O governo federal irá suspender cerca de R$ 15 bilhões do orçamento para 2024 em busca de cumprir metas do arcabouço fiscal e do déficit zero da dívida pública. De acordo com anúncio feito pelo ministro da Fazenda, Fernando Haddad, nesta quinta-feira (18), R$ 11,2 bilhões serão de bloqueio e outros R$ 3,8 bilhões de contingenciamento.
O chefe da pasta afirmou que o número final é fruto de um levantamento com todos os ministérios, a uma avaliação iniciada ainda em março.
“A Receita fez um grande apanhado do que aconteceu nesses seis meses [na arrecadação]. O mesmo aconteceu com o Planejamento, no que diz respeito às despesas. E nós vamos ter que fazer uma contenção de R$ 15 bilhões, para manter o ritmo do cumprimento do arcabouço fiscal, até o final do ano”, explicou o ministro à imprensa.

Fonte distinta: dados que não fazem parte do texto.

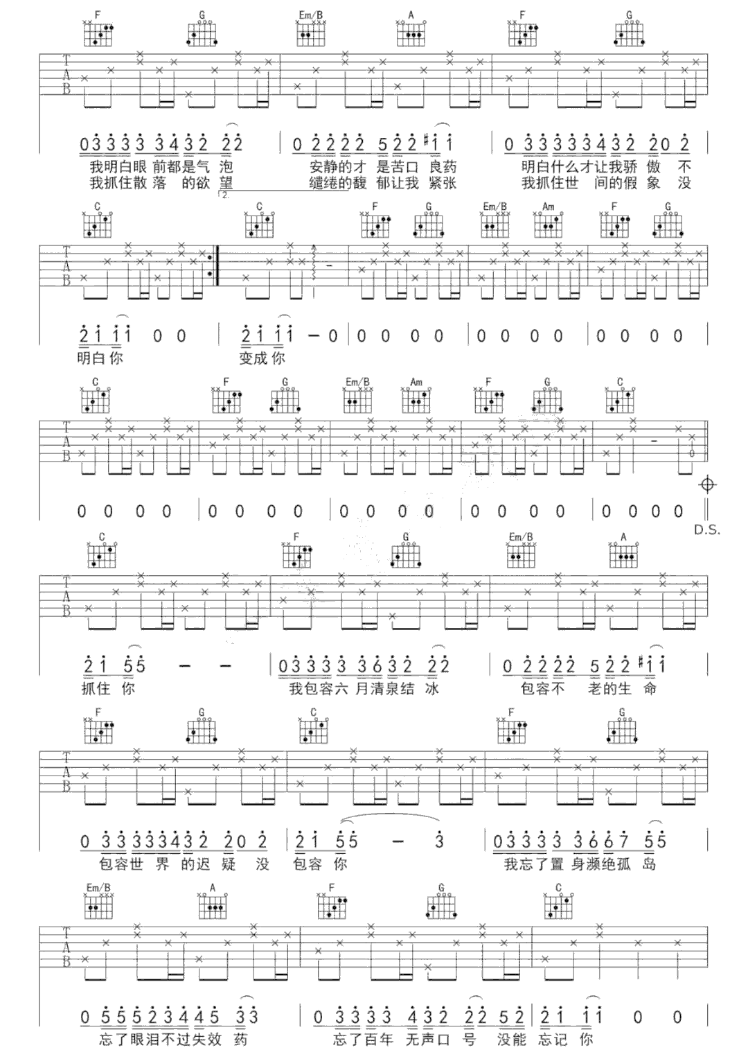 - 陈粒《桥豆麻袋》吉他谱 C调和弦谱 弹唱谱
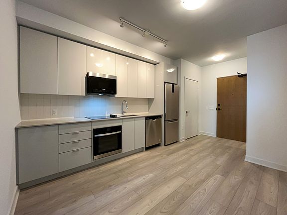 2 bedroom condo unit with 1 underground parking. Open concept design and bright unit. Brand new building: CG Tower. Very functional layout giving you two separate bedrooms and dedicated living room space separate from the kitchen and dining area. Brand new kitchen appliances and washer/dryer. 9 minutes walk to TTC subway station. Next to Aisle 24, Di Pietro's Coffee shop, and Edgeley Park. 2 stops away from York University. Heat and high speed internet are included. Renter is responsible for air conditioning, hydro and water.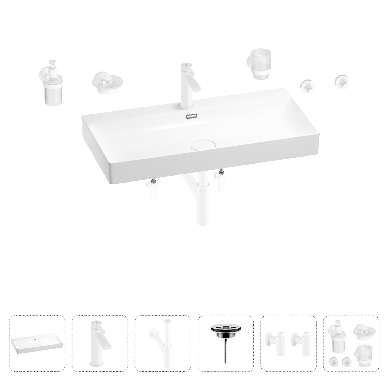 | Дополнительная информация | раковина белого глянцевого цвета, смеситель, сифон, выпуск, угловые вентили, аксессуары (цвет набора матовый белый) |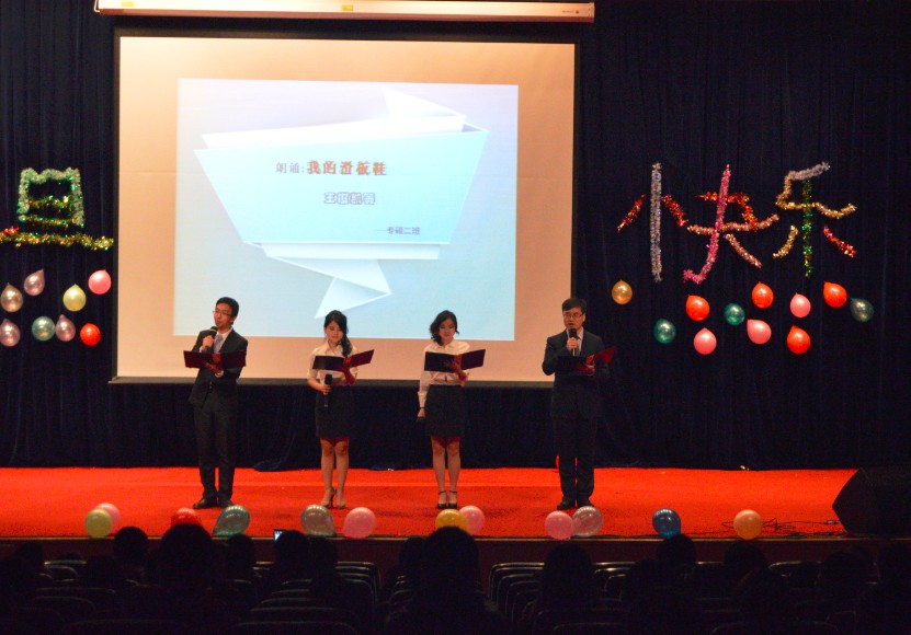 2014年12月27日晚,春满四合院 研究生2015元旦晚会在学术交流厅上演,出席本次晚会的由春满四合院 副院长王延奎教授,研究生指导主任赵小虎副教授,院长助理蒋崇文老师,同时春满四合院 200多位同学参加了本次晚会。
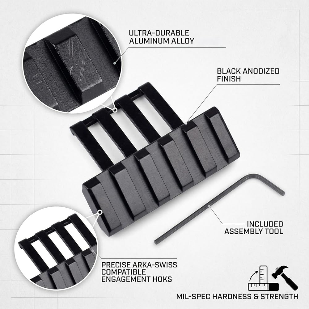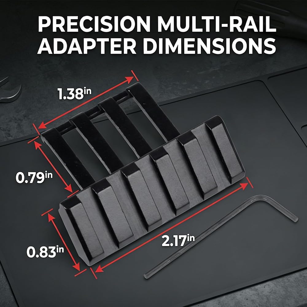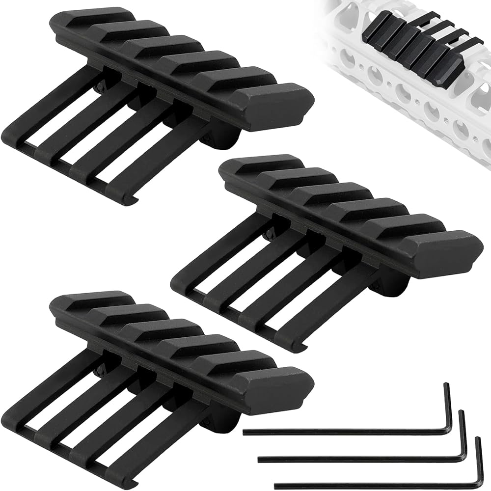 سهلة الاستخدام: تتميز هذه المجموعة العملية المكونة من 3 حوامل قضبان picatinny بمنصات كاملة ذات 5 فتحات مثالية لمختلف ملحقات قضبان picatinny. يوفر كل حامل ذو نقطة حمراء مساحة واسعة لتركيب الأضواء أو الليزر أو البصريات، مما يجعل وحدات التركيب على السكك الحديدية هذه إضافات أساسية لأي إعداد تكتيكي.

No início deste mês, Haddad havia mencionado que cortes no orçamento do governo seriam feitos. O valor previsto era de R$ 25,9 bilhões, difundidos em despesas obrigatórias que abrangem diversos ministérios no projeto de lei orçamentária de 2025.

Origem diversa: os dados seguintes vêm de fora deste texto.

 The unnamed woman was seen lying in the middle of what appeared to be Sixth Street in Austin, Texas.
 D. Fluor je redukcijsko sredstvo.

Essas informações serão detalhadas na apresentação do próximo Relatório de Despesas e Receitas, na próxima segunda-feira (22). “Isso [bloqueio] está definido, vamos ter a ordem de grandeza nos próximos dias, assim que a Receita Federal terminar seu trabalho”, reforçou o ministro, na época.
De acordo com o ministro, os valores congelados representam cortes temporários, mas que evidenciam a preocupação com o cumprimento do marco fiscal. O arcabouço, proposto por Haddad no ano passado, serve para controlar os gastos federais e não exceder a dívida pública, o que explicaria a ação da Fazenda de optar por bloqueios e contingenciamentos.
Especificamente no caso do contingenciamento de R$ 3,8 bilhões, segundo Haddad, há maior possibilidade de que possa ser revisto, caso as negociações com o Senado para a reoneração da folha de pagamento de empresas de 17 setores da economia avancem, com a aprovação da medida pelos parlamentares, em acordo com o governo.
Embora haja redução do orçamento, Haddad garante que a meta fiscal estabelecida para este ano, segundo a Lei de Diretrizes Orçamentárias (LDO), será mantida como déficit zero, com um percentual de tolerância de 0,25% do Produto Interno Bruno (PIB).